あっけなく倒された二人を見て、恐怖に顔を引きつらせつつも、まだリーダーの男は希望を失っていなかった。
青いドレスの女性の手首を掴んで、自分の所へ引き寄せると、勝ち誇ったように馬鹿笑いしながら。
「おい、おい!さあ、止まれ!いいか、動くとこの女を撃つぞ!」
イグナの足がピタッと止まる。
「そうだ、そのまま手を上げろ。」
イグナはゆっくりと手を上げる、その手から、掴み取っていた銃弾が零れ落ちる。
それは地面へとゆっくり落ちていく、イグナは足を後ろに引いた。
そして、軽く、その銃弾を蹴り上げた。
一直線に、銃弾は、男の覆面で隠されていない右目へ吸い込まれるように猛スピードで進んでいった。鮮血が舞う。
「うおおおおお!痛てえええ!痛てええええええええ!」
男はたまらず銃から、女性から手を離し、血がどくどくと流れ出る眼を押さえながら苦痛にうめいた。
イグナは、ごろごろと床をころがる男の意識を刈り取るべく、押さえつけ、腹に一撃を喰らわせる。
グハッとうめき声を上げ、男は悶絶する。
「大丈夫か、あんた。って二回目だな。」
男が銃弾を喰らう過程で、女性を突き飛ばしていたのだ。
床に倒れたままだった女性に手を差し伸べるイグナ。
そんな中、四方八方から、歓声が上がった。
イグナを褒め称える声だ。
「ありがとうございます!ありがとうございます!」
子連れの母親が泣きながら、イグナに感謝を述べる。
「兄ちゃん、どこで習ったんだ?あんな技、すげえぜ。」
人質にとられていた男性の一人が感嘆の声を出す。
イグナは戸惑っていた。いままでこの力を使って、人助けをしても周りを遠ざけるだけだったのに。
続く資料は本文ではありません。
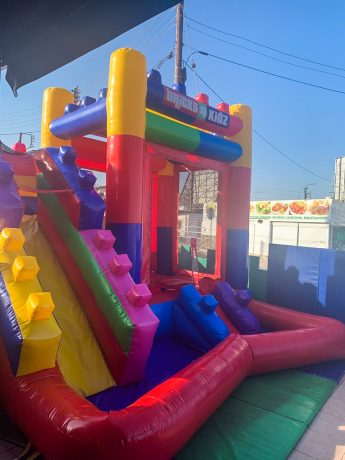 Upstairs there is a cute restaurant where some of the food is in the shape of a… Lego ? Lego hamburger bun (the color of the bun isn’t a food color but natural) and the truth is that it is very tasty. There are also nuggets and chips, ice cream, and coffee. Outside there is a large trampoline in the shape of a castle.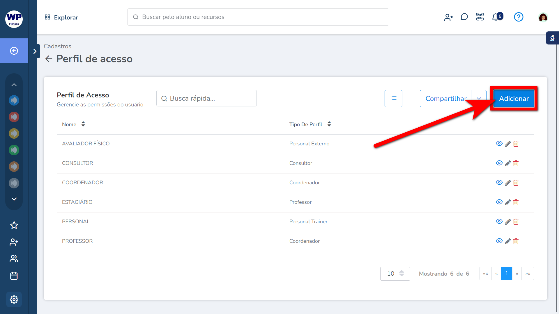 2. Logo serão apresentados os perfis de acesso do módulo treino já criados anteriormente. Para criar o perfil do estagiário clique em “Adicionar”;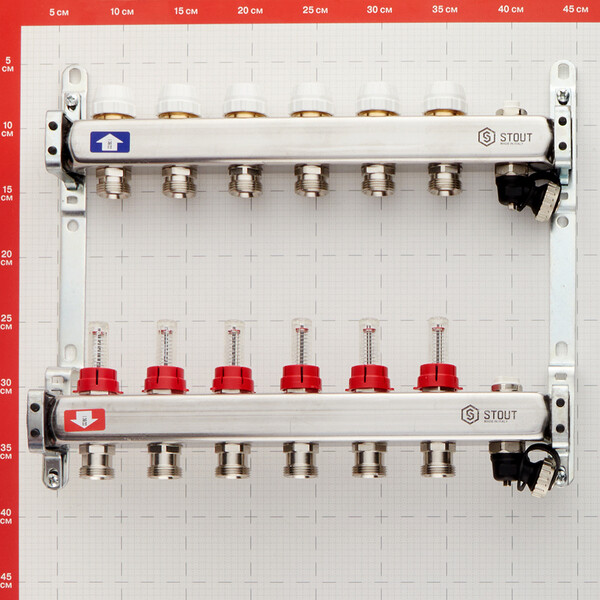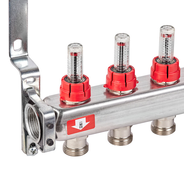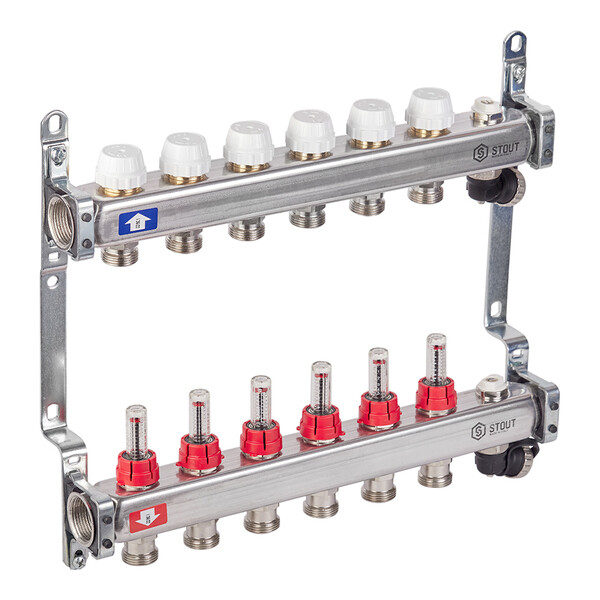 Предназначена для распределения потоков теплоносителя в системах радиаторного отопления, либо в системах водяных теплых полов. Состоит из подающего коллектора с шестью ручными регулировочными клапанами с расходомерами и обратного коллектора с шестью ручными запорными клапанами, на которые можно установить электротермические сервоприводы. Термостатические клапаны предназначены для изменения температуры отдельно в каждом контуре системы. Расходомеры обеспечивает равномерную циркуляцию теплоносителя по всей системе. Расстояние между выходами 50 мм. Выходы имеют наружную резьбу 3/4" (20 мм) под евроконус.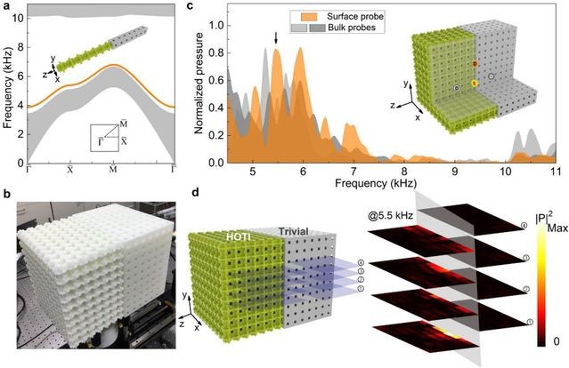 图2.二维界面态的理论计算及实验表征。a.一维超晶格(由平庸晶格和拓扑非平庸晶格构成,只在一个方向打开边界)的投影能带。在体带隙中发现局域的拓扑界面态(由橘黄色线表示)。b.3D打印样品,用以测量拓扑界面态。c.样品透射谱的实验测量,其中界面态的响应曲线为橘黄色线/阴影,可以看出其响应高于体态(灰色的线/阴影),说明界面态可以被独立激发。d.界面态的声场实验扫描切面图。可以看到,激发的声场主要局域在x-y面上,远离这个面声场快速衰减。这些特征与界面态相符合。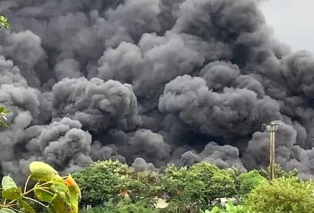 Do bên trong kho xưởng có nhiều vật liệu dễ cháy (chủ yếu là vải) nên ngọn lửa nhanh chóng lan rộng, cột khói đen bốc cao khiến người dân ở xa cũng trông thấy.

今は違う、誰もがイグナを賞賛し誰もがイグナを敬遠してなどいなかった。
青いドレスの女性が立って、言った。
「自分が賞賛されているのが意外ですか?」
「あ、ああ。」
女性の青い眼は不思議な光を宿し、イグナの心を見透かす。
「精一杯がんばった人間を、ただ人と違うだけで、その努力を認めないような人はそうそういませんよ。 あなたも、認められるときが来たんです。」
人だかりがイグナを囲む中、女性の声ははっきりと聞こえてきた。
「なあ、あんたの名前は?」
しばらく考えて、遂にひねり出した言葉がこれかよ、とイグナは自分で自分をけなしたが、女性はフフフと笑うと、答えた。
「ソフィアです、ソフィア=オルズワルド。今日は助けていただき有難うございました。」
それから、イグナとソフィアは頻繁に会い、親交を深めていく。
だが、ある日イグナとソフィアの仲をさく出来事が起こる、いや、イグナが一方的にその絆を断ち切ることになる。が、これは、また別のお話。